| PROBLEM REQUIREMENTS |
Print the data below exactly as it appears.

| DATA SUPPLIED |
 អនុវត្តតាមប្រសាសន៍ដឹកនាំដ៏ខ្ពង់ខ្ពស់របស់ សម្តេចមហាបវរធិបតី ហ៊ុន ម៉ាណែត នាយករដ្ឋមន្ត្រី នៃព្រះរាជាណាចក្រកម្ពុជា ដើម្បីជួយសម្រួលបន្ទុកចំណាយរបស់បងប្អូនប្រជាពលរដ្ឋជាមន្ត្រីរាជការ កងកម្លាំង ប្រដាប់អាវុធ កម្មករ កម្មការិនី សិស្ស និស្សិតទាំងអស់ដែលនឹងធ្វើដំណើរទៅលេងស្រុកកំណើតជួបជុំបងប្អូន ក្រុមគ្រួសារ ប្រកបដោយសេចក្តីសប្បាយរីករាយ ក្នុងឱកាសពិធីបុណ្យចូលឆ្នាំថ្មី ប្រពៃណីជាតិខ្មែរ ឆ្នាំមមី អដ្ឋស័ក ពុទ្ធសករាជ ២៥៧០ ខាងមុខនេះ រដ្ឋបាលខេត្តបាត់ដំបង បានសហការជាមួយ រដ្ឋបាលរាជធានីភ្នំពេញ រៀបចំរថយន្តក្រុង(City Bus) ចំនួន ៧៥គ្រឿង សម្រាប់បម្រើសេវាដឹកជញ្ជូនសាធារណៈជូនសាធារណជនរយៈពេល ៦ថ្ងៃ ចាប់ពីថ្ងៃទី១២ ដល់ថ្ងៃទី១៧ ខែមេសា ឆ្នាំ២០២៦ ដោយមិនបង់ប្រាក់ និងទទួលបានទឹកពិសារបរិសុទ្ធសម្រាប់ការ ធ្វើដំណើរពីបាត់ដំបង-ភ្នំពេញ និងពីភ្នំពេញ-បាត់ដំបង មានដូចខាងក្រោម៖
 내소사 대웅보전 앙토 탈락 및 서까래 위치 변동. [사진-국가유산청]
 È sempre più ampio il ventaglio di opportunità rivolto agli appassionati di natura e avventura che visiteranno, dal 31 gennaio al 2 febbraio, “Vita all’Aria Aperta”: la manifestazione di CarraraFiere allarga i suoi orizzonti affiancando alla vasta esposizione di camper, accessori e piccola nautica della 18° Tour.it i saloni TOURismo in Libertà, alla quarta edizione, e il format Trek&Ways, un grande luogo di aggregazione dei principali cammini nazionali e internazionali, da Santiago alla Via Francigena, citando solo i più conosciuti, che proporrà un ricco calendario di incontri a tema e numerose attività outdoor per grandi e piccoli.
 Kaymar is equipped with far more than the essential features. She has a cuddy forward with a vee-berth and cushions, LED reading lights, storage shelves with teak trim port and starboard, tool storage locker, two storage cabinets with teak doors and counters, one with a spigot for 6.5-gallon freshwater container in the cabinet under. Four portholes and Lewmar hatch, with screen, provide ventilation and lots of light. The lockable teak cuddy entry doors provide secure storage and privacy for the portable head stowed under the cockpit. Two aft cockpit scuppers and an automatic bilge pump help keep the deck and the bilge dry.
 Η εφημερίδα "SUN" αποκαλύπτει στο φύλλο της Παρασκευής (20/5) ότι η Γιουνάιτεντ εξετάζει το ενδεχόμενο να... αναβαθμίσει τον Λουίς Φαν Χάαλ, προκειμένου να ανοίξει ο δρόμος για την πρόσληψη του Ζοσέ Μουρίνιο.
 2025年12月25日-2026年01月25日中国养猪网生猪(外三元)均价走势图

| YOUR SOLUTION |
 អនុវត្តតាមប្រសាសន៍ដឹកនាំដ៏ខ្ពង់ខ្ពស់របស់ សម្តេចមហាបវរធិបតី ហ៊ុន ម៉ាណែត នាយករដ្ឋមន្ត្រី នៃព្រះរាជាណាចក្រកម្ពុជា ដើម្បីជួយសម្រួលបន្ទុកចំណាយរបស់បងប្អូនប្រជាពលរដ្ឋជាមន្ត្រីរាជការ កងកម្លាំង ប្រដាប់អាវុធ កម្មករ កម្មការិនី សិស្ស និស្សិតទាំងអស់ដែលនឹងធ្វើដំណើរទៅលេងស្រុកកំណើតជួបជុំបងប្អូន ក្រុមគ្រួសារ ប្រកបដោយសេចក្តីសប្បាយរីករាយ ក្នុងឱកាសពិធីបុណ្យចូលឆ្នាំថ្មី ប្រពៃណីជាតិខ្មែរ ឆ្នាំមមី អដ្ឋស័ក ពុទ្ធសករាជ ២៥៧០ ខាងមុខនេះ រដ្ឋបាលខេត្តបាត់ដំបង បានសហការជាមួយ រដ្ឋបាលរាជធានីភ្នំពេញ រៀបចំរថយន្តក្រុង(City Bus) ចំនួន ៧៥គ្រឿង សម្រាប់បម្រើសេវាដឹកជញ្ជូនសាធារណៈជូនសាធារណជនរយៈពេល ៦ថ្ងៃ ចាប់ពីថ្ងៃទី១២ ដល់ថ្ងៃទី១៧ ខែមេសា ឆ្នាំ២០២៦ ដោយមិនបង់ប្រាក់ និងទទួលបានទឹកពិសារបរិសុទ្ធសម្រាប់ការ ធ្វើដំណើរពីបាត់ដំបង-ភ្នំពេញ និងពីភ្នំពេញ-បាត់ដំបង មានដូចខាងក្រោម៖
 내소사 대웅보전 앙토 탈락 및 서까래 위치 변동. [사진-국가유산청]
 È sempre più ampio il ventaglio di opportunità rivolto agli appassionati di natura e avventura che visiteranno, dal 31 gennaio al 2 febbraio, “Vita all’Aria Aperta”: la manifestazione di CarraraFiere allarga i suoi orizzonti affiancando alla vasta esposizione di camper, accessori e piccola nautica della 18° Tour.it i saloni TOURismo in Libertà, alla quarta edizione, e il format Trek&Ways, un grande luogo di aggregazione dei principali cammini nazionali e internazionali, da Santiago alla Via Francigena, citando solo i più conosciuti, che proporrà un ricco calendario di incontri a tema e numerose attività outdoor per grandi e piccoli.
 Kaymar is equipped with far more than the essential features. She has a cuddy forward with a vee-berth and cushions, LED reading lights, storage shelves with teak trim port and starboard, tool storage locker, two storage cabinets with teak doors and counters, one with a spigot for 6.5-gallon freshwater container in the cabinet under. Four portholes and Lewmar hatch, with screen, provide ventilation and lots of light. The lockable teak cuddy entry doors provide secure storage and privacy for the portable head stowed under the cockpit. Two aft cockpit scuppers and an automatic bilge pump help keep the deck and the bilge dry.
 Η εφημερίδα "SUN" αποκαλύπτει στο φύλλο της Παρασκευής (20/5) ότι η Γιουνάιτεντ εξετάζει το ενδεχόμενο να... αναβαθμίσει τον Λουίς Φαν Χάαλ, προκειμένου να ανοίξει ο δρόμος για την πρόσληψη του Ζοσέ Μουρίνιο.
 2025年12月25日-2026年01月25日中国养猪网生猪(外三元)均价走势图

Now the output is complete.